(DATA PROVIDED):
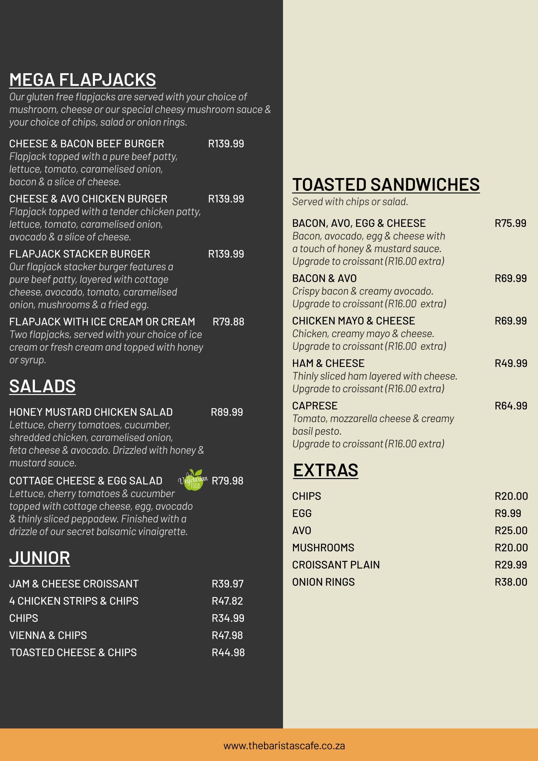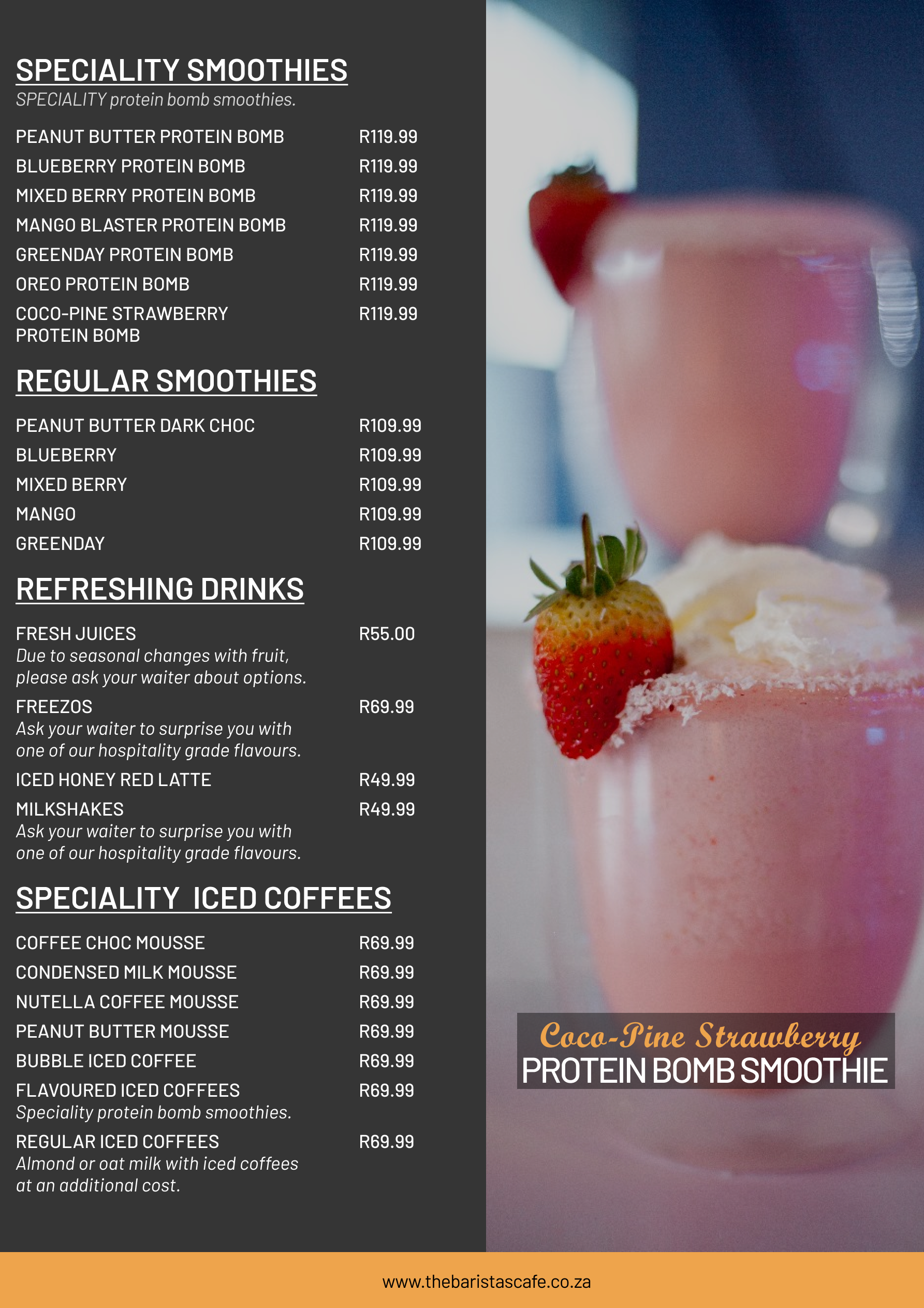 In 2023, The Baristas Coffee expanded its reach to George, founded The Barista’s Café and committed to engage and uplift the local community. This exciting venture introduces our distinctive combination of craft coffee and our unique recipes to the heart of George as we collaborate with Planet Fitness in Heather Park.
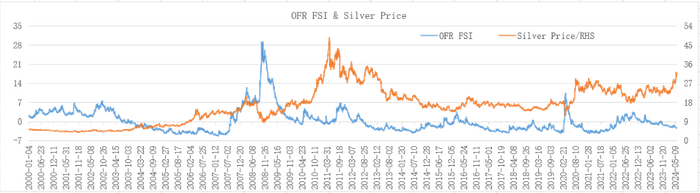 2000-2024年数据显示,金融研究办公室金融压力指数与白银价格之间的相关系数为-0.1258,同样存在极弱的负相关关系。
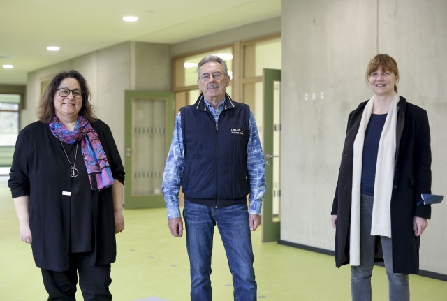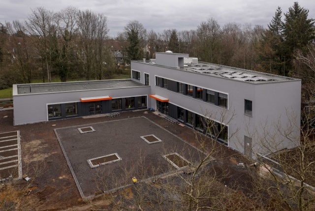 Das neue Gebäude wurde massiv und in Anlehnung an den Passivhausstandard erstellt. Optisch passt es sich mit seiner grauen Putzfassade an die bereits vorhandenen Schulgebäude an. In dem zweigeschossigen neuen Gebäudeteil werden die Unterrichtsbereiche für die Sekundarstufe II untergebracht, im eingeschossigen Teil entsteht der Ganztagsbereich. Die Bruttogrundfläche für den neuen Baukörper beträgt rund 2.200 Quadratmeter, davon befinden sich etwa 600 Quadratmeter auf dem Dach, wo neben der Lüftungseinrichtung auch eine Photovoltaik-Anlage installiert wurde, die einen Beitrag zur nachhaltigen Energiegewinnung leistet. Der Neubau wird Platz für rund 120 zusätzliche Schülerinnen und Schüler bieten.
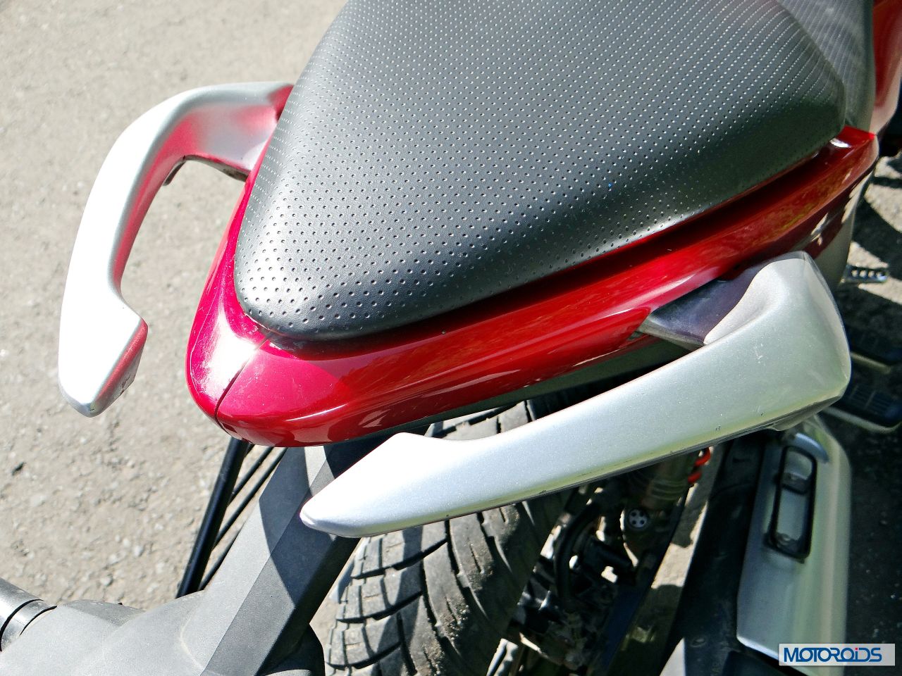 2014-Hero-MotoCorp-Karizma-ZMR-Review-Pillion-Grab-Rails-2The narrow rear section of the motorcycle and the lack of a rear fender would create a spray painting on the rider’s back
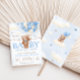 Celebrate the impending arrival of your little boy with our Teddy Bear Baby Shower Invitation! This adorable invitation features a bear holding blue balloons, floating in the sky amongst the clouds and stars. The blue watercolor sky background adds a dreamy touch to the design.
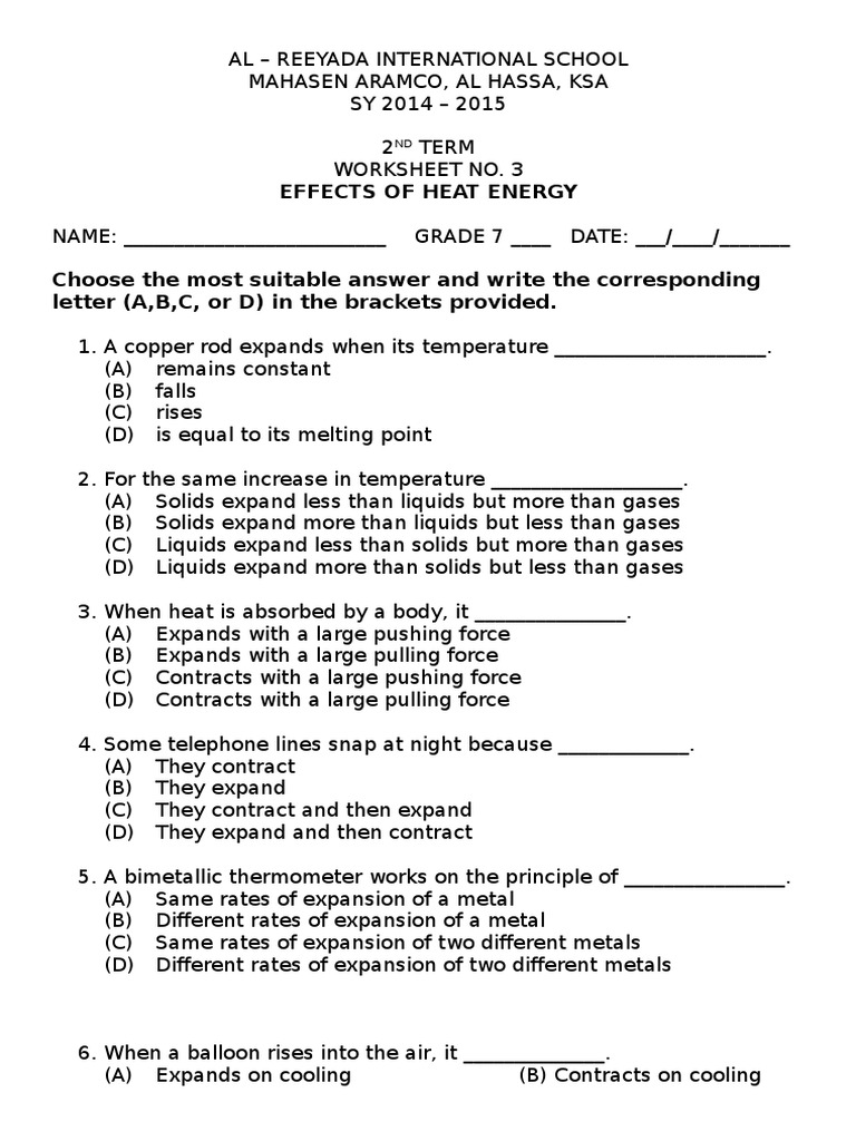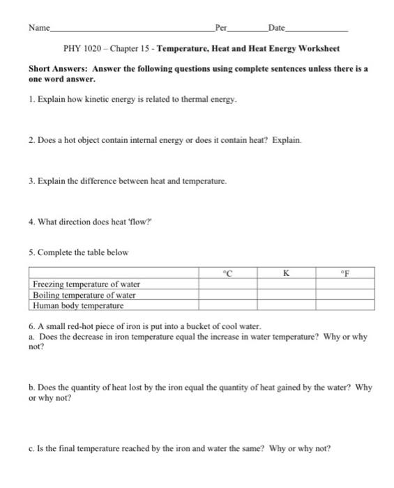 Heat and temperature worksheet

--

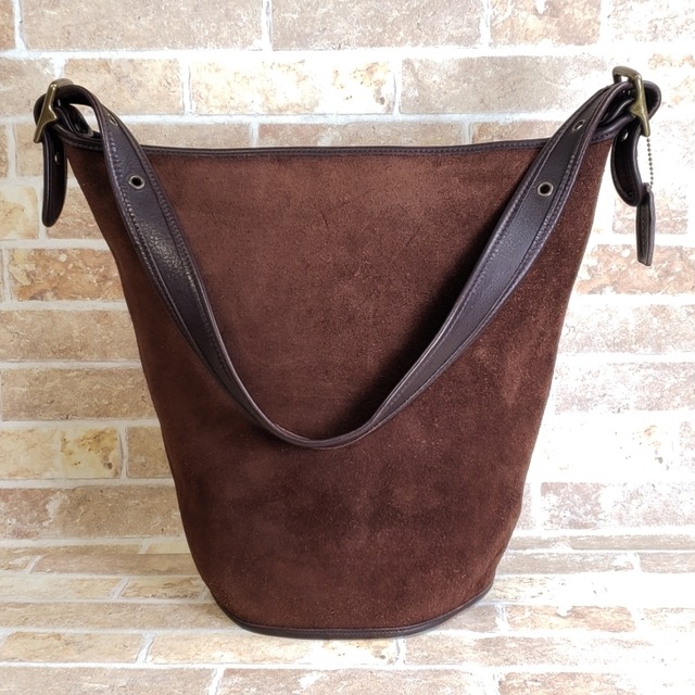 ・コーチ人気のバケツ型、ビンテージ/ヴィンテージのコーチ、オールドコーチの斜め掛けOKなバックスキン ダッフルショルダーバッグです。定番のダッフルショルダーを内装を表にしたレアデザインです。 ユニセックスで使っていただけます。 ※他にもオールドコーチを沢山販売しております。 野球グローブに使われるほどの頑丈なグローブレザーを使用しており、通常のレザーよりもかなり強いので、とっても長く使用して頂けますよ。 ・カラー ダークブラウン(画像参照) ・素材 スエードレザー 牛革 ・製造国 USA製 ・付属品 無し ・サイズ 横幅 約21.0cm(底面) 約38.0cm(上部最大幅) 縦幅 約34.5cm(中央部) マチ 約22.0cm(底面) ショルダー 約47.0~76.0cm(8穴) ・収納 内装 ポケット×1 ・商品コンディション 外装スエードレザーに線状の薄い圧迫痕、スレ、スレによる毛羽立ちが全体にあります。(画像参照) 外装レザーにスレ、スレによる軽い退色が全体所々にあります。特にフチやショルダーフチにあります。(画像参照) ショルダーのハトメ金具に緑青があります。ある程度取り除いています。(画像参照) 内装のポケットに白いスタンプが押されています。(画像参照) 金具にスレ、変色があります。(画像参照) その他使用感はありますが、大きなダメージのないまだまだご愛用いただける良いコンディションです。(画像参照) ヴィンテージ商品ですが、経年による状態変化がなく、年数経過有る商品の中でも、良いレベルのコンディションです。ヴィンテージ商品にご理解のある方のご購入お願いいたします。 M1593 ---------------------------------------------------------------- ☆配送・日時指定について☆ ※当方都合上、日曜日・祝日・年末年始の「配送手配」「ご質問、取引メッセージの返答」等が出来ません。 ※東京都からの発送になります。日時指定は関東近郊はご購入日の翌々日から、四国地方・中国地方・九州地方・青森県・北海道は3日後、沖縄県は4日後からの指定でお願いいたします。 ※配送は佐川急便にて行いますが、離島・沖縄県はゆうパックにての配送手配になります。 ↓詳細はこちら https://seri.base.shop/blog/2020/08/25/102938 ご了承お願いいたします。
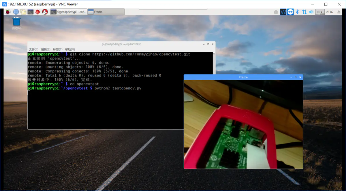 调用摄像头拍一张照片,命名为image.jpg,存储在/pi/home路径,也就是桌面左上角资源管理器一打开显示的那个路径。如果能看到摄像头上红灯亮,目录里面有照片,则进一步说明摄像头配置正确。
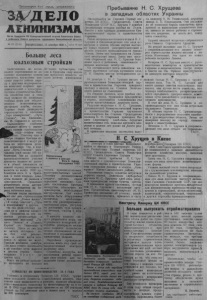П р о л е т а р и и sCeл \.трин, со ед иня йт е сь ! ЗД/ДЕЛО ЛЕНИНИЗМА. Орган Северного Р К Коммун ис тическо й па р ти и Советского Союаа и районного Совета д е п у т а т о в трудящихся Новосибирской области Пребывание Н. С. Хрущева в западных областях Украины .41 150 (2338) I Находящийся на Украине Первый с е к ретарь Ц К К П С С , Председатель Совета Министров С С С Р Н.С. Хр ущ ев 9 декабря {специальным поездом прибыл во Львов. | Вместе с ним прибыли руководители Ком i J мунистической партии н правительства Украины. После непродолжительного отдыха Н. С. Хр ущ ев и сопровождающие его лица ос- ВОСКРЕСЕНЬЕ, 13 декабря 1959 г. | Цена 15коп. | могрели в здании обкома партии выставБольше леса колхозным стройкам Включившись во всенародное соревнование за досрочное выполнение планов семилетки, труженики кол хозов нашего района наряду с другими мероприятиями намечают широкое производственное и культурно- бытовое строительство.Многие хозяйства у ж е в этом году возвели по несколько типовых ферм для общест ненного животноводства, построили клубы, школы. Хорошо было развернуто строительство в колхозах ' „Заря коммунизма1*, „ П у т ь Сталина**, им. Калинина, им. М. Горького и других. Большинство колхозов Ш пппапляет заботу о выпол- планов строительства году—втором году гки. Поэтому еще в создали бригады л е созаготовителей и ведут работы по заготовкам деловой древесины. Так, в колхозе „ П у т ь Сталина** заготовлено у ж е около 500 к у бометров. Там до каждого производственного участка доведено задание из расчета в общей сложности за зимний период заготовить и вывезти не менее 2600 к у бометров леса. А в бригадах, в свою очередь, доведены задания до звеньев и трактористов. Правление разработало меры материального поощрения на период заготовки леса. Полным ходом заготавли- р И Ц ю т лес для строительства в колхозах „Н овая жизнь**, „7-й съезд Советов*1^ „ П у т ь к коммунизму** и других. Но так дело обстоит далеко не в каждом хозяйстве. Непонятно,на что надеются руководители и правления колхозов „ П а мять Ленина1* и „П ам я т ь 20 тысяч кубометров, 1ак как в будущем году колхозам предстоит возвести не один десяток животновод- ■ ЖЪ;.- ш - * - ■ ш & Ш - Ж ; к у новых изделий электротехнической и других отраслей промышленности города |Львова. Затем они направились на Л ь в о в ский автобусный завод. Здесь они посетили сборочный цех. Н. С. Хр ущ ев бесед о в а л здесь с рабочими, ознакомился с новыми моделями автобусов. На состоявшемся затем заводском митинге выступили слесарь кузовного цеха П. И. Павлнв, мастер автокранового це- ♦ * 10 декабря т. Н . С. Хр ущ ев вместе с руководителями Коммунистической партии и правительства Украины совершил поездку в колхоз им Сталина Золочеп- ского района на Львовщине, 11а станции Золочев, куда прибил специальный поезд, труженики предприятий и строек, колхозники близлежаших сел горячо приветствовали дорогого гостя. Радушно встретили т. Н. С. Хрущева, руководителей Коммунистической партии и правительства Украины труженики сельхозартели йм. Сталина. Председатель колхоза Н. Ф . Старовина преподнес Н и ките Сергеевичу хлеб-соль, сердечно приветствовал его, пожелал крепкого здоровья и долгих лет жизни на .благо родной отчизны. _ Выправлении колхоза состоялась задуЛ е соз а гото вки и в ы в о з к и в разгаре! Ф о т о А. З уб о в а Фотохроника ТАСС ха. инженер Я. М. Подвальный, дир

(EXERCISE REQUIREMENTS):
Copy exactly the part of the material above that opens with the line containing "the rider’s back" and closes with the line containing "Heat and temperature worksheet", ends included. Drop the images.

(EXERCISE SOLUTION):
 2014-Hero-MotoCorp-Karizma-ZMR-Review-Pillion-Grab-Rails-2The narrow rear section of the motorcycle and the lack of a rear fender would create a spray painting on the rider’s back
 Celebrate the impending arrival of your little boy with our Teddy Bear Baby Shower Invitation! This adorable invitation features a bear holding blue balloons, floating in the sky amongst the clouds and stars. The blue watercolor sky background adds a dreamy touch to the design.
 Heat and temperature worksheet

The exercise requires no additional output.